Authors and Affiliations

Authors

Corresponding author

Correspondence to Avinash Achar.

Additional information

Publisher's Note

Springer Nature remains neutral with regard to jurisdictional claims in published maps and institutional affiliations.

Appendices

Comparison with the apriori-based closed episode miner

As stated earlier in Sect. 7, monotonicity property exploited by [27] (or its refined version [25]) and the one exploited here are different. This makes the candidate generation step proposed here substantially different from that of [27] or [25]. The algorithm in [25] produces candidate episodes that are generators of ultimately closed episodes. One needs to ultimately perform a closure operation on the generators to obtain what are called instance-closed episodes. The final set of closed episodes are obtained from post-filtering the set of instance-closed episodes. The main point to note is that [25] generates a potential candidate if all its subepisodes (including that of the same size) are also frequent. In other words, it exploits the subepisode structure that exists within episodes of the same size sharing the same g-map.
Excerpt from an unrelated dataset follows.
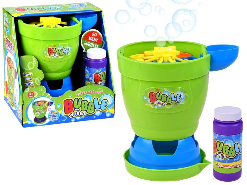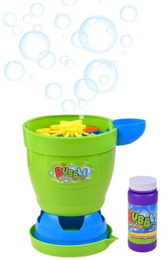 Dětský bublinkovač ve tvaru válce Bubble World dokáže vytvořit nekonečné množství bublin. Mýdlový roztok je třeba nalít do horního otvoru. Zmáčknutím tlačítka se začnou se vytvářet bubliny. Hračka je vyrobena z plastu a je určena pro děti od 36 měsíců věku.

In this paper, we are using both frequency and BE to prune candidates. The monotonicity property satisfied by BE is a much weaker condition as compared to that of frequency alone. An \(\ell \)-node episode is generated as a candidate if and only if all its \((\ell - 1)\)-node maximal subepisodes obtained by dropping the last node among all nodes mapped to the same event-type are found frequent. In fact the BE-based measure does not demand the check for the existence of subepisodes of the same size as subepisodes of the same size are not guaranteed to have high BE in spite of the given episode’s high BE. Continuing with the same serial episode event sequence example, the serial episode has a high BE in this data; however, all its subepisodes of the same size will have zero BE as they are obtained by dropping one or more edges from the parent serial episode. For instance, suppose there is an edge from node i to node j in \(\alpha \). If the edge between node i and j is dropped from \(\alpha \) to obtain a \(\beta \), then \(H_{ij}^{\beta }\) will be zero because in the occurrences tracked i precedes j always.

More specifically, Tatti and Cule [25] at each level \(\ell \), first mines for all frequent parallel episodes of size \(\ell \). It then starts generating potential candidates by progressively adding one edge at a time, doing subsequent necessary subepisode existence and closure checks before counting its frequency and mining for frequent generators. An episode with an \(\ell \)-node episode and N edges is constructed as a potential candidate by combining two \(\ell \)-node subepisodes of \((N-1)\) edges which share \((N-2)\) edges in common. In other words, the \(\ell \)-node subepisode obtained by dropping an edge from the both the combinable episodes is the same. Note that the \(g_{\alpha }\) map is assumed to be the same among all the above involved episodes. For each such generated episode, certain intelligent checks for transitive closure are first carried out. This is followed by checking for the existence of subepisodes (as frequent) obtained by dropping either an edge or a node. The last check before computing its frequency would be if its a generator too by making sure its not contained in the closure of any of its subepisodes.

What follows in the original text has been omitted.